Notwithstanding other actors’ interests, the Big-4’s financial, political, and regulatory investments have influenced transformation of the audit field. Their aim was to constitute a regulatory space to enhance their intermediary roles and capacities. Doing so required moving beyond the standard intermediary role at the interface of regulation supply and demand. Having the IFRS as a common set of rules maximized each firm’s internal economy of scale, but a global IFRS governance regime also benefited the Big-4 by enhancing external economies of scale. Three issues, relating to the Big-4’s constitutive role, are noteworthy.
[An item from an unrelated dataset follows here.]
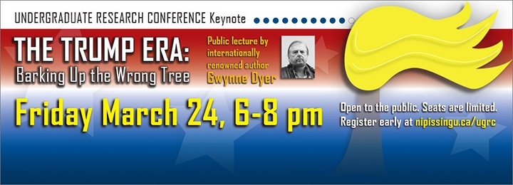 First Brexit, now Trump. Two of the world’s oldest democracies have made bizarre, self-harming political choices that astounded and dismayed the rest of the world (as well as half of their own voters.). Once could be a fluke, but twice in five months looks like a trend. Author Gwynne Dyer will answer that question in his keynote address on Friday March 24 in the Nipissing University Theatre starting at 6 pm. This event is free. Register early, seats are limited.

First, the Big-4 firms all founded “global IFRS centers” for training staff and facilitating global intrafirm cross-border movement of employees through a shared and updated common professional language. These IFRS centers also train professional staff of Big-4 client firms, an issue that was more critical before the widespread acceptance of IFRS across the globe. Training clients in the early stages was a building block in creating demand for IFRS (Interviews 2, 4, and 5; Harris, 2008; Whitehouse, 2008), increasing pressure for a global IFRS regime and expanding demand for the services of the Big-4. Yet, not all audit and accountancy intermediaries shared similar interests concerning IFRS. Convergence toward IFRS entailed significant fixed costs, which were not beneficial to smaller auditors, whose clients were less internationally orientated. Furthermore, smaller auditors did not share the advantages of the Big-4, which could spread IFRS adaptation costs over a large number of clients and expected significant returns from future market shares (Wieczynska, 2016).
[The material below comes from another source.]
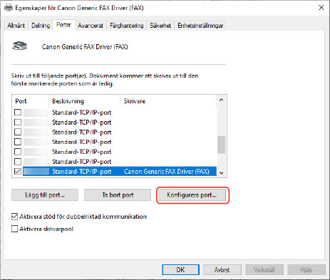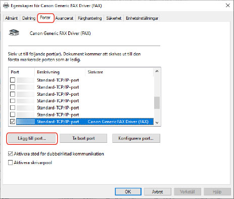 Visa fliken [Portar] → klicka på [Lägg till port].

Second, the Big-4’s constitutive role in creating demand for IFRS extended also to the realm of intermediation. Thus, the Big-4 not only trained and educated staff but provided IFRS education to new generations of intermediators in university studies around the world. The Big-4 support numerous professorships, chairs, and other contributions (De Villiers and Venter, 2010) as well as academic cooperation schemes which combine the Big-4’s professionalized accounting studies with hands-on experience and knowledge. These schemes shaped the field of accountancy and auditing intermediation, orienting future intermediators toward IFRS. While this focus on IFRS education may be justified today given that IFRS has become universal, Big-4 academic cooperation began well before many national regulators adopted IFRS and served, at least partially, to create a supply of IFRS-trained accountants even before IFRS rules were accepted (Hail et al., 2009).
Third, the transition to IFRS also served to increase Big-4 revenues from non-audit services, particularly advisory services (Interviews 7 and 9). The Big-4 increased their income by advising firms concerning new standards (e.g. leasing and financial instruments) and the provision of related strategic advisory and compliance services (De George et al., 2012; Vieru and Schadewitz, 2010).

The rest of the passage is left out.